Letters to the Editor

Legislators: Just say no to spending bills

In the 23rd Legislative District and 1st Congressional District, we are represented by a delegation that has never seen a tax or spending bill they didn’t like.

It’s been a number of legislative sessions that the Legislature hasn’t been able to get out a balanced budget, regardless that it’s their job. Only in the latest session did some guys get brave to break from tradition, finding some agreement between the two parties and getting a budget rolling in the Senate. It happened only two days from the session’s end, meaning there would be yet another special session — read “spend more money unnecessarily” — down there in Special Session City (that’s “Olympia” on the maps). Our legislators keep saying it’s not easy to balance the budget. That complaint is tiresome; it was very easy to spend and tax back when the economy was rolling; none of the delegation has resigned because life is so hard in office.

On the congressional level, we’re now unrepresented by a man who needs to quit so he can run for another office, plus the taxpayers must pay for a special election for his replacement. Maybe he ought to pay for the special election out of his own pocket.

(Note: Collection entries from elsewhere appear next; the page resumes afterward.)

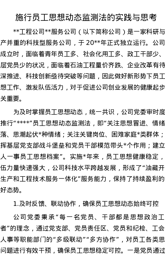 施行员工思想动态监测法的实践与思考
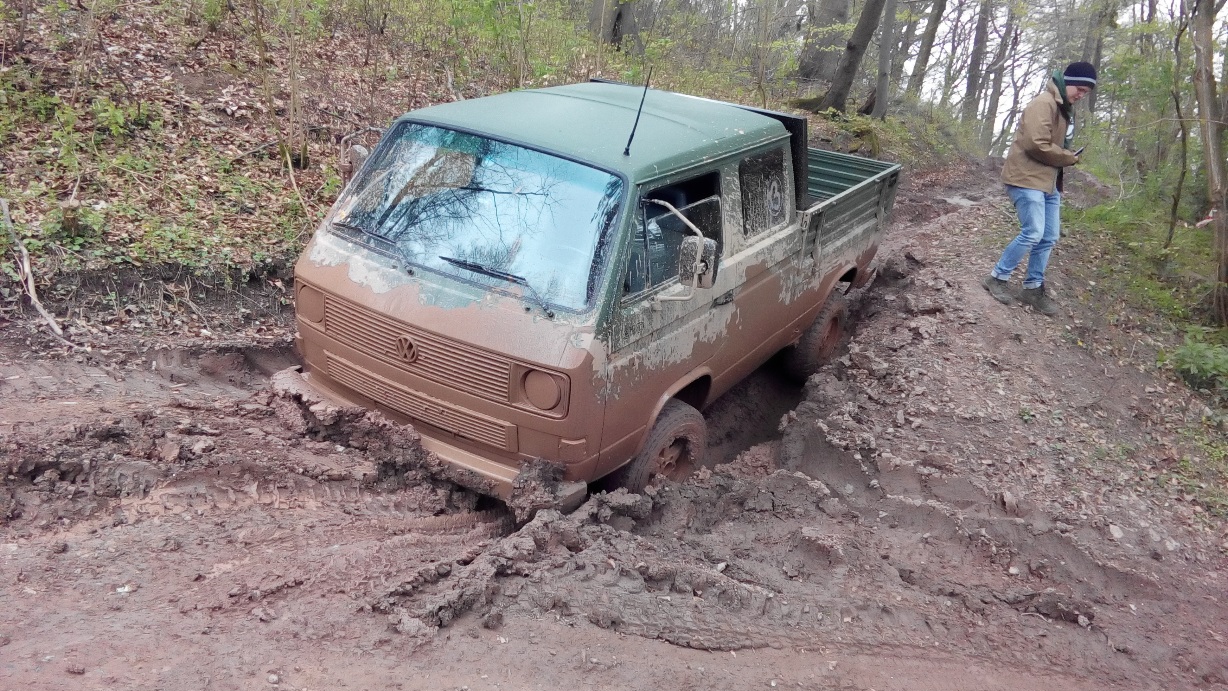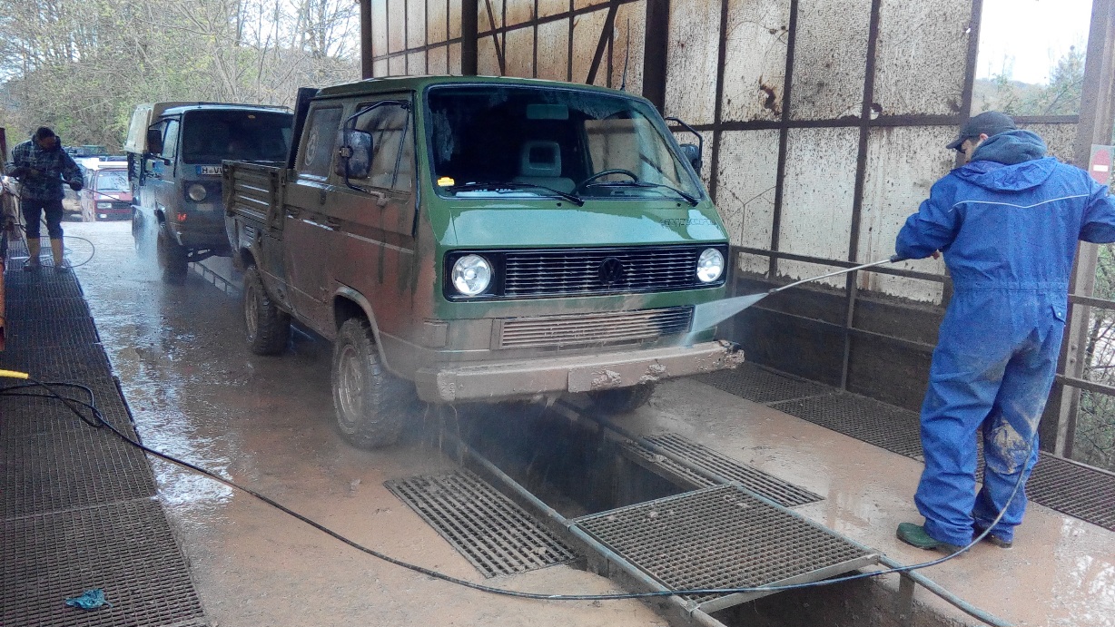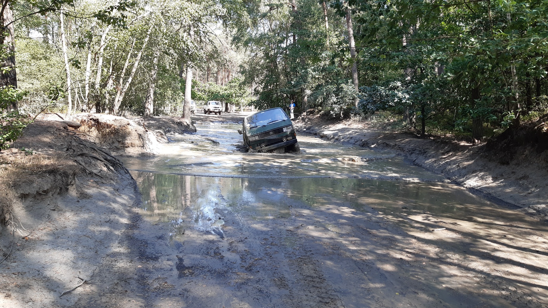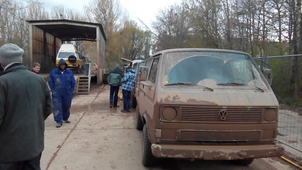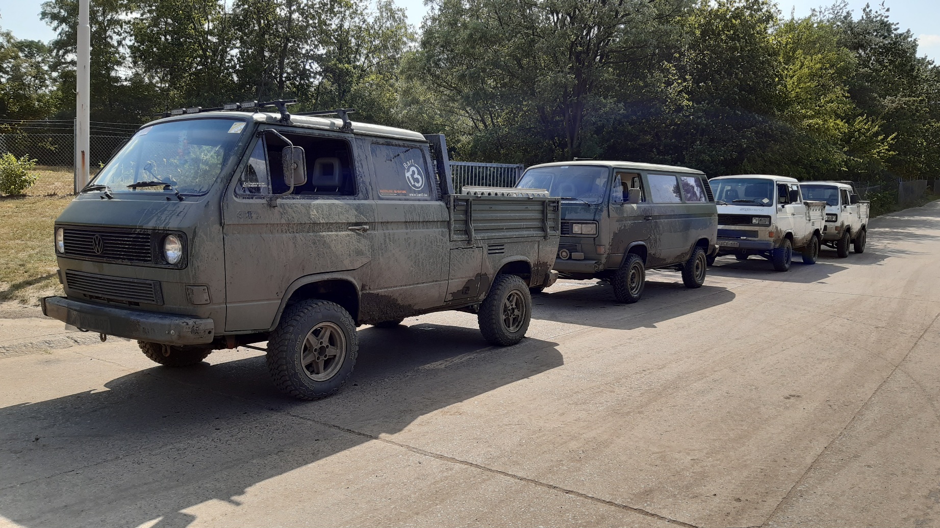 Deze T3 Syncro hadden we ook snel klaargemaakt om mee te nemen naar Fursten Forest . Afgeschuurd , gelakt in kaki , mechanisch in orde gemaakt , luchtfilter naar binnen gebracht en onder het dak bevestigd (voor de diepe water doorwadingen) , en ook zelf een bodembeschermplaat/frame gemaakt En ik heb met mijn Syncro daar ook een Unimog losgetrokken die goed vastgereden was
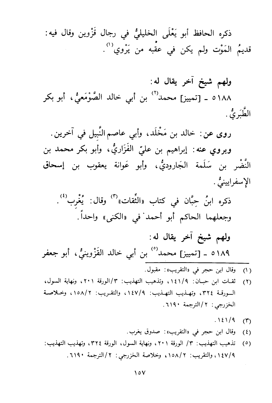 (5) تذهيب التهذيب: 3 / الورقة 201، ونهاية السول، الورقة 324، وتهذيب التهذيب: 9 / 147، والتقريب: 2 / 158، وخلاصة الخزرجي: 2 / الترجمة 6190.

This delegation has helped administrations of both parties spend us into oblivion, with unmanageable deficits and astronomical debt. Deficit spending is about buying votes to keep in office. The national debt will bring us disaster that won’t be accounted for by those responsible.

This fall, there are five positions awaiting our votes for the state Legislature and the U.S. House and Senate. We need people in Special Session City and Washington, D.C., who will vote “no” on some spending bills.